I’m only entertaining you why, Going to stimulate making you high, And take you and I, to a place that you can’t see, But I believe you can fly – Eminem

 

Friday’s US market was the proverbial game of two halves, 10-year US Treasury yields making a new year-to-date high immediately following the stronger than expected 379k jump in US non-farm payrolls, and this is turn hurting equities at the open and supporting the USD. Yet equities stages an impressive afternoon come-back, in conjunction with Treasury yield falling back to end the day little changed, the S&P 500 up 3% from intra-day low to high to finish +2.0% and the NASDAQ and even more impressive 4% intra-day swing to end +1.6%.  The BBDXY USD index gained 0.35% Friday to be up just under 1% on the week though AUD/USD ended the week down just 0.25% just below 0.77. The Senate at the weekend approved a $1.9tn covid relief bill after a marathon haggling session (primarily with Senator Joe Manchin) that now sees the supplemental pandemic unemployment benefit cut to $300 per week from $400 and eligibility for the (still $1,400) cash handout tapering sharply for individuals earnings over $75,000 . A reconciled bill should be agree and passed by both houses this week and signed into law by President Biden before the end of the week.
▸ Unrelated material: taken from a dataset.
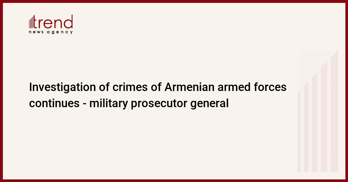 BAKU, Azerbaijan, September 30. The Military Prosecutor's Office of Azerbaijan continues investigative and operation measures on the criminal case under the relevant articles of the Criminal Code in connection with the facts of crimes against peace and humanity, war crimes, terror, deliberate murders and other crimes committed by Armenian Armed forces and illegal troops against Azerbaijani people, Trend reports.

Views on what it all means for the economy, inflation and with that markets, should dominate proceedings this week. A speech on Wednesday from RBA Governor Lowe will be a keen local focus.

Friday’s US employment report was in most respects better than expected, the 379k rise in headline non-farm payrolls augmented by a 38k net upward revision to the prior two months. Private sector hiring rose by 465k, dominated by the hospitality sector (+355k).  The unemployment rate fell to 6.2% against expectations from an unchanged 6.3%, while average hourly earnings rose by 0.2% as expected to be 5.3% up on a year ago – a figure still grossly distorted by the fact it is mostly lower paid workers who have lost their jobs during the pandemic, the data not being mix-adjusted.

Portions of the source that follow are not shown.